As an example, Fig. 3 shows the VD for a small colony with 25 cells. The nearest neighbours of cell 1 are connected with dotted (red) lines (DT), i.e., cells 2, 4 and 5, giving the distance to the nearest neighbours. The cells 3 and 6 are the second nearest neighbours of cell 1. We performed this analysis on larger colonies, see Fig. 2(a). An example of the Voronoi tessellation obtained for the region in Fig. 2(b) is shown in Fig. 2(c) for 1982 cells.
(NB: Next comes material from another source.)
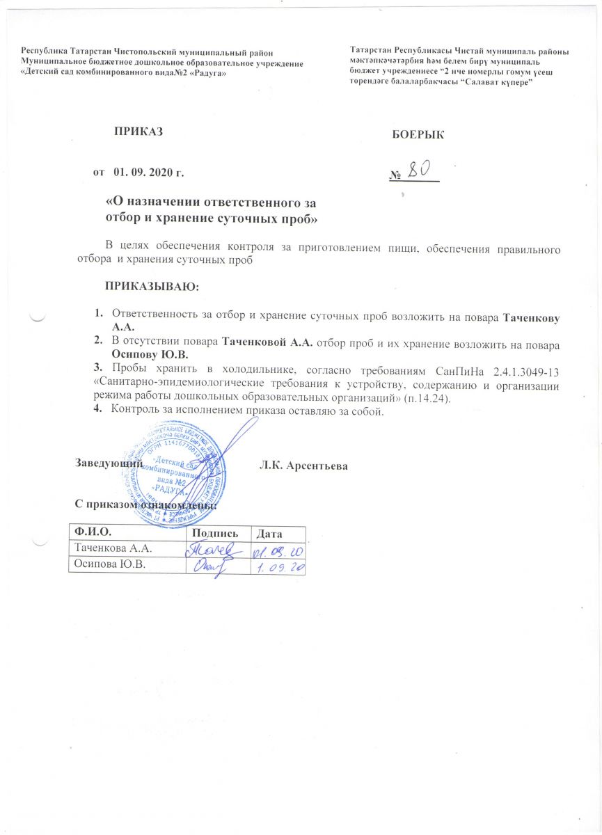 Приказ № 80 от 01.09.2020 "О назначении ответственного за отбор и хранение суточных проб"

The nuclei are coloured according to the logarithm of the nucleus area (\(\alpha \)) to ease in the visualisation (see colorbar). Using the centroids as input points, we obtained the VD, shown with black continuous lines. Since the cells are round in shape (see SM, Supplementary Fig. S2, the VD allows accurate identification of each cell’s neighbourhood. Through the DT, we identified the nearest neighbours associated to each cell and calculated the mean number of nearest neighbours \(\langle {N}_{n}\rangle \) and the mean distance to nearest neighbours (or intracellular distance) \(\langle {\ell }_{n}\rangle \), measured from the centroid position of the two cell pairs. From now on, the angular brackets \(\langle \rangle \) will denote the average taken over the cell population within a given colony. The bar \(-\) will denote the average taken over several colonies.

Figure 3
figure 3

(a) The VD for a small colony with 25 cells and (b) constructed through the set of centroid positions of the cells. The dotted (red) lines show the first nearest neighbours for cell 1. The green line is the outline of the colony border. Scale bar: \(50\ \mu \)m.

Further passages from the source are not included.